**Activity:** Output nothing but the lines from the one holding "Joessnitz FDGB Erholungsheim" to the end of the listing. Reproduce them exactly, without the pictures.

== Records for processing

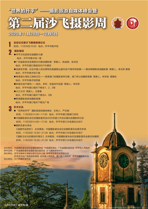 11月29日「世界的開平」——攝影旅遊自媒體峰會暨第二屆沙飛攝影周在廣東開平市拉開帷幕。活動旨在通過影像展覽、學術交流、名家分享、攝影採風等活動,發揮影像力量,提升世界文化遺產「開平碉樓與村落」的核心品牌競爭力,加快開平市全域旅遊發展,追尋南粵大地以沙飛為代表的紅色攝影先驅們的足跡,鼓勵廣大文藝工作者和攝影家堅定文化自信,探討社會紀實攝影在新常態下的新路徑、新走向。
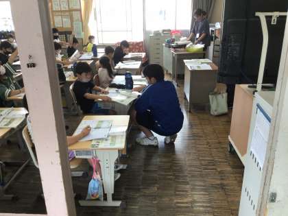 上郷中学校の2年生3人が高嶺小学校に職場体験学習に来ました。
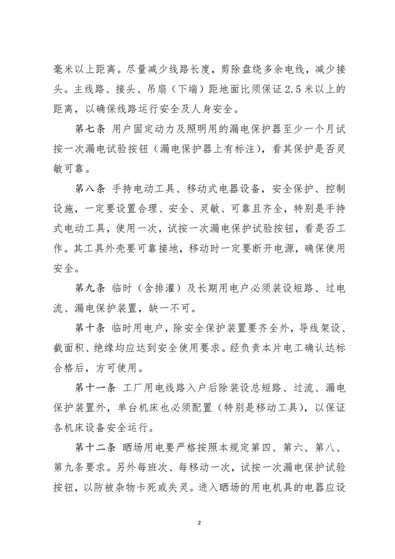 河南兆豐農墾集團有限公司 安全用電管理規定
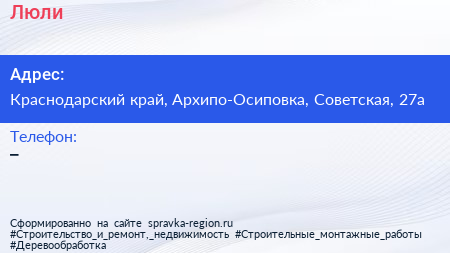 Люли по адресу Краснодарский край, Архипо-Осиповка, Советская, 27а в дальнейшем Организация, размещена в следующих категориях:
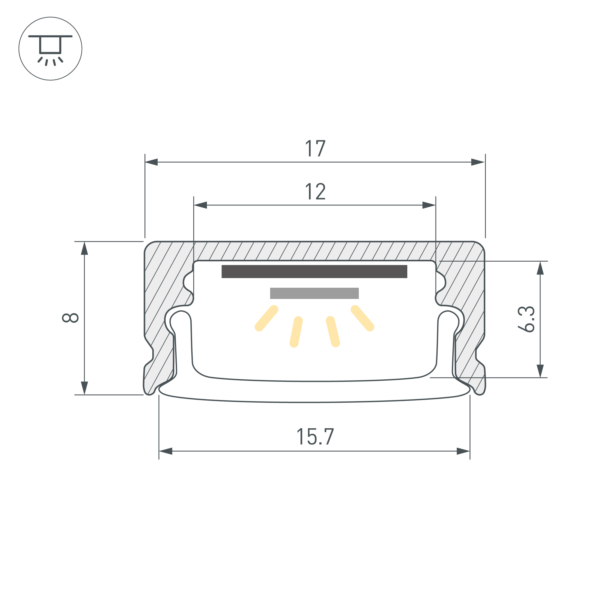 Алюминиевый анодированный накладной профиль для светодиодных лент и линеек. Габаритные размеры (L×W×H): 2000x17x8 мм. Ширина площадки для ленты 12 мм. Экраны, заглушки и другие аксессуары приобретаются отдельно. Цена за 1 метр. Для осуществления подвесного монтажа необходимо использовать подвесы совместно с держателями.
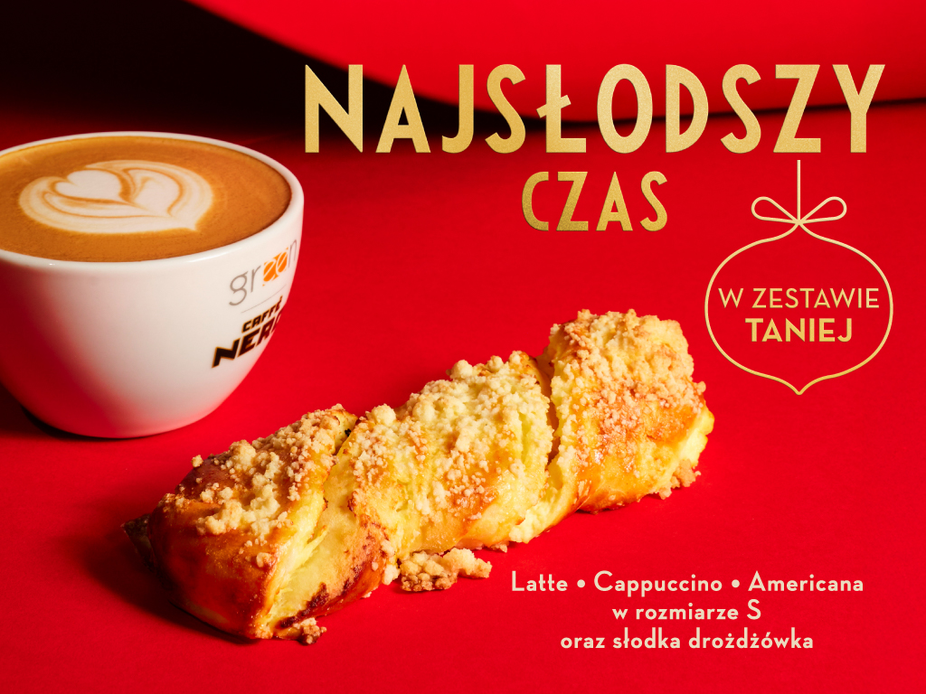 Ciesz się idealnym duetem: kawa klasyczna w rozmiarze S i słodka drożdżówka w zestawie w promocyjnej cenie: 19,90 zł !
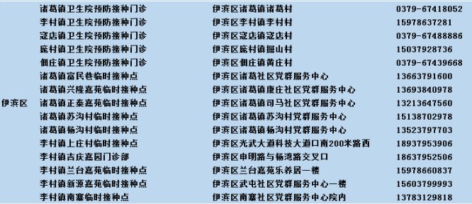 洛阳市伊滨区新冠病毒疫苗预防接种单位名单 (截止2021年5月17日)
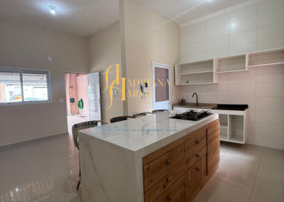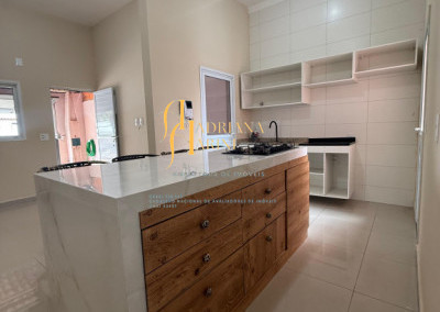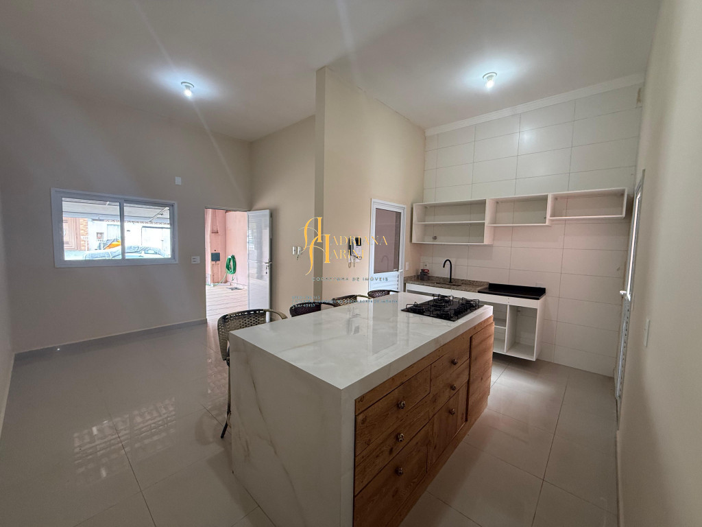 3 dormitórios, sendo 1 suíte; sala ampla integrada à cozinha com ilha; cozinha com móveis planejados e equipada com cook top; 1 banheiro social; lavanderia nos fundos; vaga para 2 carros cobertos.
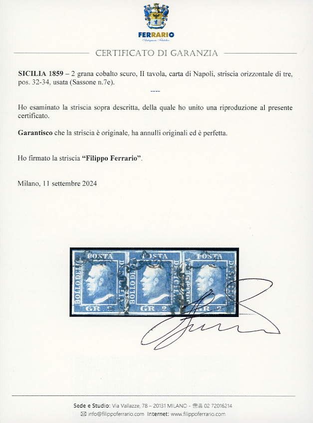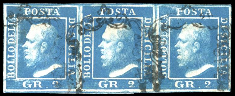 1859 - 2 grana cobalto scuro, II tavola, carta di Napoli (7c), striscia orizzontale di tre, pos. 32-34, usata, perfetta. Splendida. Em., A. ed E.Diena, Avanzo, cert. Ferrario.
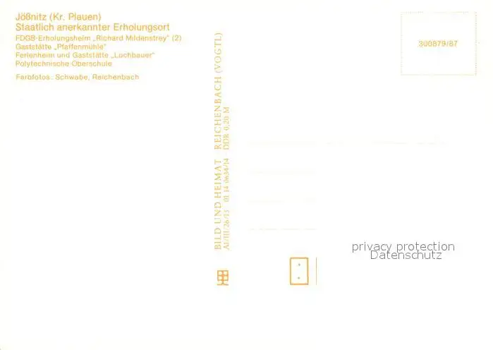 Joessnitz FDGB Erholungsheim Gaststaette Pfaffenmuehle Ferienheim Polytechnische Oberschule Joessnitz postalisch nicht gelaufen 1987 Erhaltung siehe scans [FriedD77] Frierer
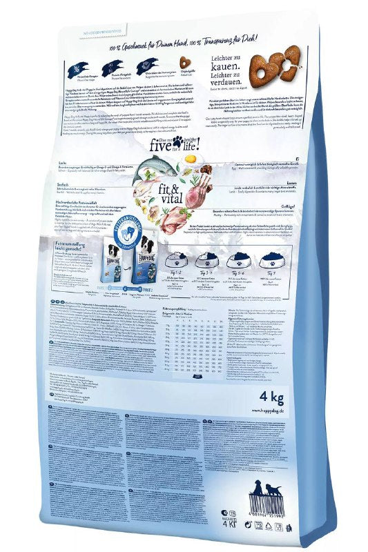 بروتين الدواجن* (18%)، دقيق الذرة، دقيق الأرز، وجبة اللحوم، دهن الدواجن، وجبة السمك (5%، منها 50% وجبة سمك السلمون)، الذرة، بروتين لحم الضأن* (4%)، زيت زهرة عباد الشمس، لب البنجر* (منزوع السكر)، كبد محلل، ثفل التفاح*، السليلوز، زيت الكانولا، كلوريد البوتاسيوم، الخميرة*، كلوريد الصوديوم، بيضة كاملة مجففة (0.2%)، أعشاب بحرية*، بذر الكتان (0.16%)، قشور سيلليوم، لحم بلح البحر* (0.05%)، يوكا شيديجيرا*، الخميرة* (مستخلص)، شوك الحليب، الخرشوف، الهندباء، الزنجبيل (0.013%)، أوراق البتولا، نبات القراص، البابونج، الكزبرة، إكليل الجبل، المريمية، جذر عرق السوس، الزعتر، (إجمالي الأعشاب المجففة: 0.16%)؛ *) المجففة.

====

**Exercise response:**
 Joessnitz FDGB Erholungsheim Gaststaette Pfaffenmuehle Ferienheim Polytechnische Oberschule Joessnitz postalisch nicht gelaufen 1987 Erhaltung siehe scans [FriedD77] Frierer
 بروتين الدواجن* (18%)، دقيق الذرة، دقيق الأرز، وجبة اللحوم، دهن الدواجن، وجبة السمك (5%، منها 50% وجبة سمك السلمون)، الذرة، بروتين لحم الضأن* (4%)، زيت زهرة عباد الشمس، لب البنجر* (منزوع السكر)، كبد محلل، ثفل التفاح*، السليلوز، زيت الكانولا، كلوريد البوتاسيوم، الخميرة*، كلوريد الصوديوم، بيضة كاملة مجففة (0.2%)، أعشاب بحرية*، بذر الكتان (0.16%)، قشور سيلليوم، لحم بلح البحر* (0.05%)، يوكا شيديجيرا*، الخميرة* (مستخلص)، شوك الحليب، الخرشوف، الهندباء، الزنجبيل (0.013%)، أوراق البتولا، نبات القراص، البابونج، الكزبرة، إكليل الجبل، المريمية، جذر عرق السوس، الزعتر، (إجمالي الأعشاب المجففة: 0.16%)؛ *) المجففة.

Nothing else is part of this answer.